> [SUPPLIED DATA]

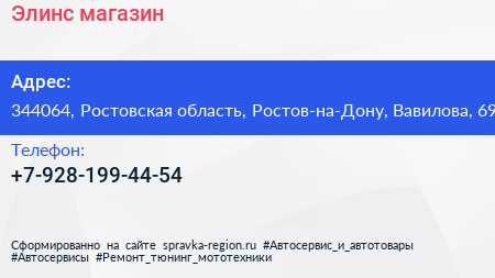 Элинс, магазин по адресу 344064, Ростовская область, Ростов-на-Дону, Вавилова, 69 в дальнейшем Организация, размещена в следующих категориях:
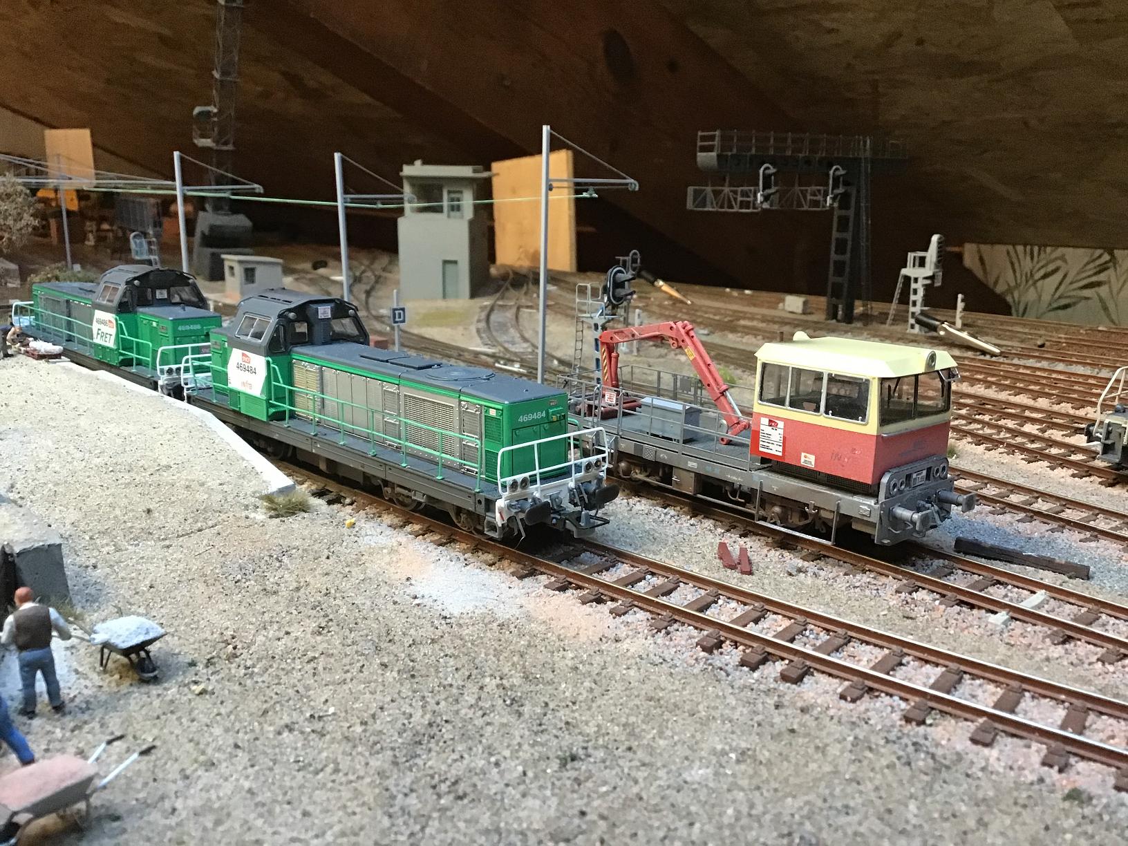 C'est la grue Jouef, reconstruite en version diesel, associée à son wagon porte flèche K5 roco modifié et un wagon atelier sur base Jouef.
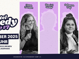 Die neue Comedy-Reihe geht in die siebte Runde. Mit dabei sind diesmal: Jana Jansen – frisch aus Berlin, direkt, ehrlich und mit einem Humor, der garantiert keinen Umweg nimmt. Rebecca Pap – sie war schon einmal bei uns, hat das Publikum komplett überzeugt – und kommt als erste Künstlerin überhaupt zum zweiten Mal zu Viertel Comedy zurück. Special Guest – der Name bleibt noch geheim, aber wir können versprechen: Diese Überraschung wird euch umhauen. Durch den Abend führt wie gewohnt Hinnerk Köhn – Moderator, Comedian, Stimmungsgarant und Meister darin, zwischen rotem Faden und Fassungsverlust zu balancieren. Einlass: 19.30 Uhr
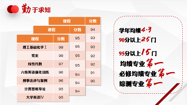19名候选人从专业学习、科研竞赛、创新实践、社会工作、志愿服务等多个方面分享了大学期间取得的成绩和个人感悟。他们中,有笃实好学,学期平均绩点4.3,90%以上课程90+的“高分学霸”;有志存高远,在各类赛场大显身手,拿下数十项奖项的“奖项收割机”;有热衷科创,主持多项大创项目,斩获3项国家级竞赛荣誉、3项省级竞赛荣誉的“科创达人”;有科普走心,讲述专业自信,影响人次超2W的“暖心博主”;有认真负责,服务同学,实现班级科创覆盖率100%,班级同学包揽专业前三的“好班长”;有自身绩点从2.4飞跃到4.1,实现自我蜕变的“逆袭者”……

> [WHAT IS EXPECTED] Would you copy, word for word, only the lines above from the one containing "C'est la grue" through the one containing "Die neue Comedy-Reihe", both included, and please leave out the pictures?

> [YOUR SOLUTION]
 C'est la grue Jouef, reconstruite en version diesel, associée à son wagon porte flèche K5 roco modifié et un wagon atelier sur base Jouef.
 Die neue Comedy-Reihe geht in die siebte Runde. Mit dabei sind diesmal: Jana Jansen – frisch aus Berlin, direkt, ehrlich und mit einem Humor, der garantiert keinen Umweg nimmt. Rebecca Pap – sie war schon einmal bei uns, hat das Publikum komplett überzeugt – und kommt als erste Künstlerin überhaupt zum zweiten Mal zu Viertel Comedy zurück. Special Guest – der Name bleibt noch geheim, aber wir können versprechen: Diese Überraschung wird euch umhauen. Durch den Abend führt wie gewohnt Hinnerk Köhn – Moderator, Comedian, Stimmungsgarant und Meister darin, zwischen rotem Faden und Fassungsverlust zu balancieren. Einlass: 19.30 Uhr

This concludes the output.